Improve CI with Static Analysis

April 1, 2022 - 7 minutes read - 1470 words

This is the fifth in a series of articles about writing a small reading list app in Go for personal use.

A big part of developing quality software, especially in larger projects, is to make sure that your process, tools, and workflows can scale with the size of the project. The project we’re working on is tiny in the grand scheme of things, but let’s take this week to “sharpen the saw” a little bit and improve our process before diving back into functionality next week.

Earlier this week I shared some rules for semgrep, a static analyzer that we can use to find defects in Go web apps. Today we will integrate that into aklatan’s Makefile and CI pipeline.

At the end of this article you’ll:

have semgrep with custom rules integrated into the CI pipeline
understand the pros and cons of maintaining the rules alongside the application code (as opposed to keeping them in a separate repo)

*A water pipeline in the Tagus-Segura Water Transfer in Spain. Photo by flicker user M.Peinado CC-BY*

Adding semgrep to the Build

The goal: find problems in aklatan’s code using semgrep rules that we have written.

The way we drive everything else for this project is with the Makefile. So let’s add a rule to the Makefile to run semgrep on a local set of rules:

RULES := $(wildcard rules/*.yaml)
.PHONY: semgrep
semgrep: $(ALLGO) $(RULES)
   semgrep --config rules/ --metrics=off

Now when we run make semgrep, it will run semgrep against config that we have in ./rules/ – so place copy all of the files (rules and test code) from the last article into that directory.

Make sure you’ve installed the semgrep cli properly, and have activated the python virtualenv. Now you should be able to run make semgrep … but it generates a bunch of findings from the test code! We can exclude those files by creating a file in the root of the project called .semgrepignore:

rules/
.venv/

This skips analysis of files in the rules directory and in the virtualenv where semgrep is installed. (You can skip the latter if you created a virtualenv in a different location.) When I run it now, I get a couple of screenfuls of output, ending with Ran 17 rules on 9 files: 4 findings.

*Screenshot of a portion of semgrep’s output, before fixing warnings.*

Summary of the findings:

I forgot to enable parallel testing for TestBookEmpty.
None of the handlers conform to the naming scheme in the handler-naming rule.

Note that I didn’t set any of these up as intentional errors in earlier posts to create examples for this post. I knew as I was wrapping up last week’s article about handling POST data that the naming was inconsistent, but I hadn’t yet written that rule.
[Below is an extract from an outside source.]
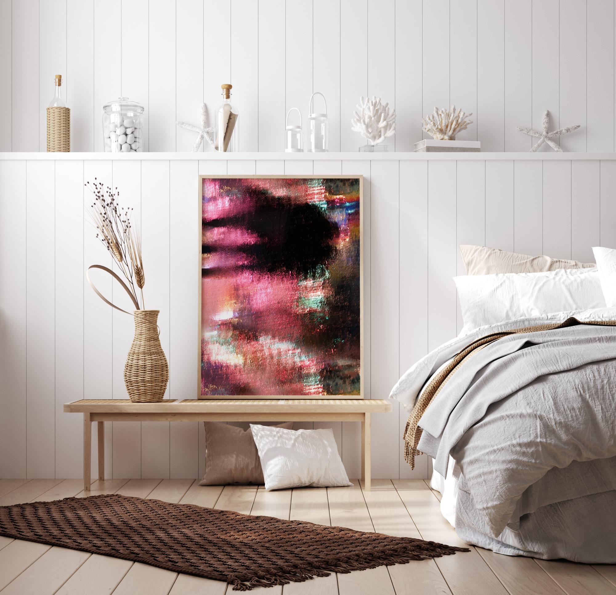Eine perfekte Farbmischung mit rosa Tönen dominiert diesen mehrfarbigen Druck. Oben auf dem Poster befindet sich eine schwarze Fläche, die ein Gefühl von Tiefe vermittelt. Rechts von der schwarzen Fläche befindet sich eine vertikale Röhrenform in Rot- und Grüntönen. Ein perfekter Druck, um einer schlichten Wand einen Hauch von Farbe zu verleihen.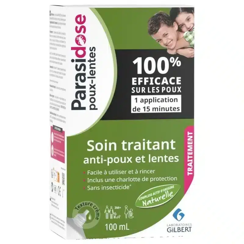 Le Parasidose Soin Traitant Anti-Poux 100ml est une solution douce et efficace pour éliminer les poux et les lentes dès la première utilisation. Conçu pour toute la famille, il est adapté aux bébés dès 3 mois, aux enfants et aux adultes. Sa formule sans insecticide neurotoxique agit mécaniquement pour asphyxier et déshydrater les parasites, offrant ainsi un traitement sûr et respectueux du cuir chevelu.

These findings are simple to fix; I’m not going to show them here. Try fixing the issues yourself, and check my patch to see how your fixes compare to mine.

Unfortunately, adding the Go sample code to ./rules creates a few issues with the way the Makefile is invoking tools. This means that we can’t yet run make check to ensure that the fixes for the semgrep issues haven’t introduced some other defect.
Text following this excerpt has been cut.